Some of these Festivals feature Clothing Optional areas so that people have the option to be naked if they so wish. This is because some Pagans like to cast-off their wrappers and be caressed by the sun and the wind, while others consider their nudity to be part of their sacred relationship with the Gods and a Pagan event is a place where they can feel comfortable enough to explore that relationship.

However, because not everyone is comfortable with that, Clothing Optional areas can be restricted to certain areas, including:

  • campsites
  • the beach
  • the firepit area after 10pm

The important word in "Clothing Optional" is the term "Optional". A Clothing Optional area is not zoned as a Strip Club. You have the option to be as naked, clothed, or a variety of both as you wish and it's nobody else's business.
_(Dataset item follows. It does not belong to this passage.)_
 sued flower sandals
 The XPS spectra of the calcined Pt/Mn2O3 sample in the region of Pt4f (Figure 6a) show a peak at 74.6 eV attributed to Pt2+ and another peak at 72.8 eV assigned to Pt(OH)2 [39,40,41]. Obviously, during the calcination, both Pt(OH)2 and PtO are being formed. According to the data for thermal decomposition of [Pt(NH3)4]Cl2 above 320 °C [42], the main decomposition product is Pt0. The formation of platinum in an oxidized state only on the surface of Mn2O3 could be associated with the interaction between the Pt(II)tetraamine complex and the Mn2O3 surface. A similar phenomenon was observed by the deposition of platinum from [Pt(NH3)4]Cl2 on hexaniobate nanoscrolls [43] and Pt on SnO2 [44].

I cannot believe I must state this so blatantly, but this is also means that no one has the right to pressure you to be clothed or naked. No one has the right to tell you how naked or dressed you must be based on other people's decisions to be naked or dressed. No one has the right to express opinions about your character, your values, or your sexual identity. No one. No exceptions.
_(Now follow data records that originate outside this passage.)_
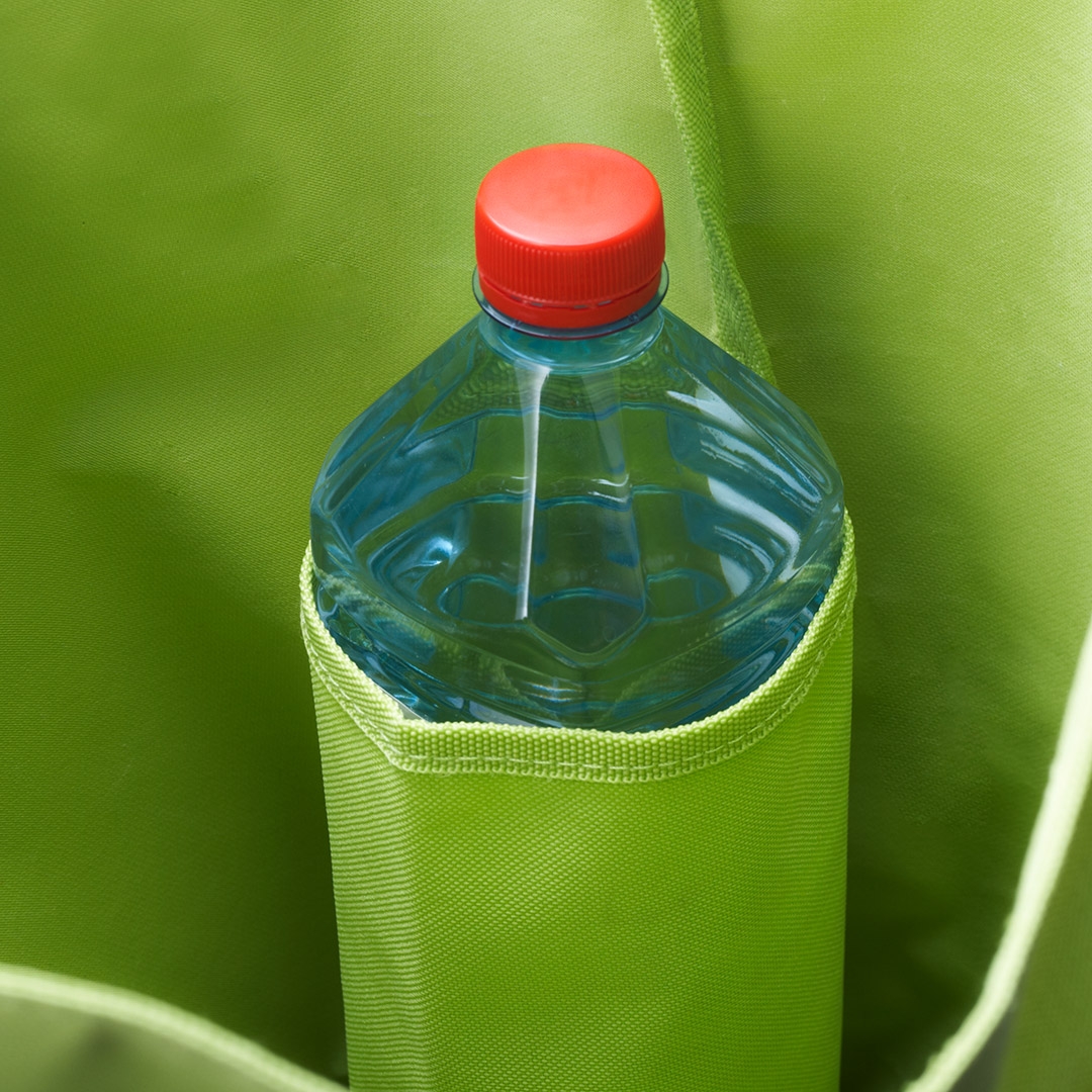 Huge main compartment with large storage space for beach equipment or purchases, zipper pocket for separate valuables, smartphone pocket and bottle bag, adjustable straps with sturdy snap hook for fastening e. g. at parasol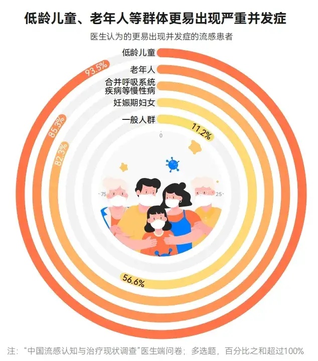 中华医学会儿科学分会儿童感染学组副组长、首都医科大学附属北京儿童医院感染与病毒研究室主任谢正德教授指出,流感是每年冬春季呼吸道传染病防控的重中之重,而5岁以下儿童是流感的高危人群,感染流感后易发生重症,疾病负担巨大。《报告》显示,93.5%的医生指出,5岁以下低龄儿童在感染流感后更易出现严重并发症。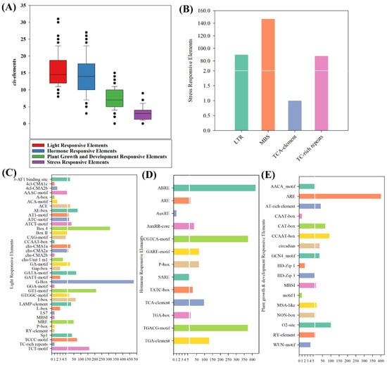 - Lescot, M.; Déhais, P.; Thijs, G.; Marchal, K.; Moreau, Y.; Van de Peer, Y.; Rouzé, P.; Rombauts, S. PlantCARE, a Database of Plant Cis-Acting Regulatory Elements and a Portal to Tools for in Silico Analysis of Promoter Sequences. Nucleic Acids Res. 2002, 30, 325–327. [Google Scholar] [CrossRef] [PubMed]

Now I know that sometimes people can unintentionally cross this line. In their minds, they want you to know that you are beautiful and valued and they want you to know that they are not judging you for any reason, so if you want to strip down, they are ready to support you in this decision. The problem is that it's very difficult to express this idea without it sounding like they are pressuring you into coming to this conclusion.

A person's state of nudity is NEVER an invitation for people to touch, stare, or make sexual references about. EVER. A person's nudity can be an expression of their relationship with the Gods, but it is not meant to be a show for other people to ogle or make snide remarks upon. However, if you want to quietly appreciate the beauty of the human body, that can be okay, but you need to be subtle in your appreciation.
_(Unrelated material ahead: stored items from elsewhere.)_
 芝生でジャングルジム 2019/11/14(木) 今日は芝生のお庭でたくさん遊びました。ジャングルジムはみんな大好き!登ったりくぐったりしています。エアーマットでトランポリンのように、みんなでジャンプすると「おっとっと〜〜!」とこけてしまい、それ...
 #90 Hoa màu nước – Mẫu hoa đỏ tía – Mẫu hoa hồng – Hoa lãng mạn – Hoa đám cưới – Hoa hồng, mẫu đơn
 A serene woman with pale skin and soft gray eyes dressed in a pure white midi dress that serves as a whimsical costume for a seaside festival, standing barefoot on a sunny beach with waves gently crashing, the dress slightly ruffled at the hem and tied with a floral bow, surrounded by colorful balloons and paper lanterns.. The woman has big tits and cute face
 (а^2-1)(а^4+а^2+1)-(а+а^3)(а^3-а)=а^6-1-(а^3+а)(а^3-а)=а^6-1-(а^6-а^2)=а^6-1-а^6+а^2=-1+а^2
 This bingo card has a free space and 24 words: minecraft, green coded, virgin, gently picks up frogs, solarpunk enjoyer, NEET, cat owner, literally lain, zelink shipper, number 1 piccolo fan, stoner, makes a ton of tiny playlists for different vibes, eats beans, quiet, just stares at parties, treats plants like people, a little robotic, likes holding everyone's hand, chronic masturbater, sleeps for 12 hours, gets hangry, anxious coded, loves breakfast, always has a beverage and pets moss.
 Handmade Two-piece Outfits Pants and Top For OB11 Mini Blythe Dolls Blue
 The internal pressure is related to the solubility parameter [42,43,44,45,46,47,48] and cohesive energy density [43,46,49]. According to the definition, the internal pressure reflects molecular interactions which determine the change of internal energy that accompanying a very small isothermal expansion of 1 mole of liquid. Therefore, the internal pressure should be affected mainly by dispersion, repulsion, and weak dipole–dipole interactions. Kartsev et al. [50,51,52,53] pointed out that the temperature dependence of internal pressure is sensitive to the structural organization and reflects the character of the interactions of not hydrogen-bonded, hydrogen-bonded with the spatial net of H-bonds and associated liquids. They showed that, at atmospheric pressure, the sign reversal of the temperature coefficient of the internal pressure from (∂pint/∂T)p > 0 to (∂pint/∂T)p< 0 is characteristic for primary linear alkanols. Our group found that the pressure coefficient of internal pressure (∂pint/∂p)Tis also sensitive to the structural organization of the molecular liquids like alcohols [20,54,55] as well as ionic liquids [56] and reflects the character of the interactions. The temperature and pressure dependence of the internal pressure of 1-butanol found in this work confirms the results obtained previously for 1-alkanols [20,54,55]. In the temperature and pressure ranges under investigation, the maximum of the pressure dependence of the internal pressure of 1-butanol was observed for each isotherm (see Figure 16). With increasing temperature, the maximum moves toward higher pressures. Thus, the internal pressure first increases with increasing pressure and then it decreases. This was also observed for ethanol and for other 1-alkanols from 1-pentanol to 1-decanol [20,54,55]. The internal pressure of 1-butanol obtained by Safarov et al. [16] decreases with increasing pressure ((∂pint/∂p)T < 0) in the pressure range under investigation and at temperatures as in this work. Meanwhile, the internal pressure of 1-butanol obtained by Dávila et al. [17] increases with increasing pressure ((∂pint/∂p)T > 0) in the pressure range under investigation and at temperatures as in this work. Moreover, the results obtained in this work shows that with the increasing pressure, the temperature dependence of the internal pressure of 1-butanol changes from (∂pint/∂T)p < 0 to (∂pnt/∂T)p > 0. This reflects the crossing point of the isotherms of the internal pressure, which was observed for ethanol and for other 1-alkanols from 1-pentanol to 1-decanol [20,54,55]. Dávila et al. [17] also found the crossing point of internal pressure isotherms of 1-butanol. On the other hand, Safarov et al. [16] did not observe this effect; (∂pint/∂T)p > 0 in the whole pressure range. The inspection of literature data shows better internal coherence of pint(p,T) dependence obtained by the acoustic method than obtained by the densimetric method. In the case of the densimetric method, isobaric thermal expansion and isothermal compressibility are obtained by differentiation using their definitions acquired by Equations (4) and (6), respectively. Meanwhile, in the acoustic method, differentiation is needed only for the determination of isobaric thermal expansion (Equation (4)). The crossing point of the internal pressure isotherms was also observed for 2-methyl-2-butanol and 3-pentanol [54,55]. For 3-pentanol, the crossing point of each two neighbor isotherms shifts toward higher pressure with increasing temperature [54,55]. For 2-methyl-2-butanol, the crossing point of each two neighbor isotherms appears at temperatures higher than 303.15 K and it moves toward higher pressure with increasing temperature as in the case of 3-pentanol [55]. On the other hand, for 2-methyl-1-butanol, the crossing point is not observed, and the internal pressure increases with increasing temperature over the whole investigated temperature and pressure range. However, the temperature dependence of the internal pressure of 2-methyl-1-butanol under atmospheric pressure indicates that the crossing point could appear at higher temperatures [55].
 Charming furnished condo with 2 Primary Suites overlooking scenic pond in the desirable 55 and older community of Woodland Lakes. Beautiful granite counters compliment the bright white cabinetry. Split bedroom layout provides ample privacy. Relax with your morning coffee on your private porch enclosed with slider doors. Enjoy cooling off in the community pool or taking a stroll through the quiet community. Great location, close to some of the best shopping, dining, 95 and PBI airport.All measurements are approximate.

Unwanted, unwarranted, unasked, uninvited contact with a person in a state of undress can constitute assault or sexual assault. The fact that the person is naked does not justify anyone's actions without EXPLICIT permission being given. It also does not give you the right to pressure anyone into being more naked or less naked, for any reason, even in jest. If you think you have accidentally crossed this line, take the person aside (probably better when they are dressed), apologize sincerely, and then learn from it.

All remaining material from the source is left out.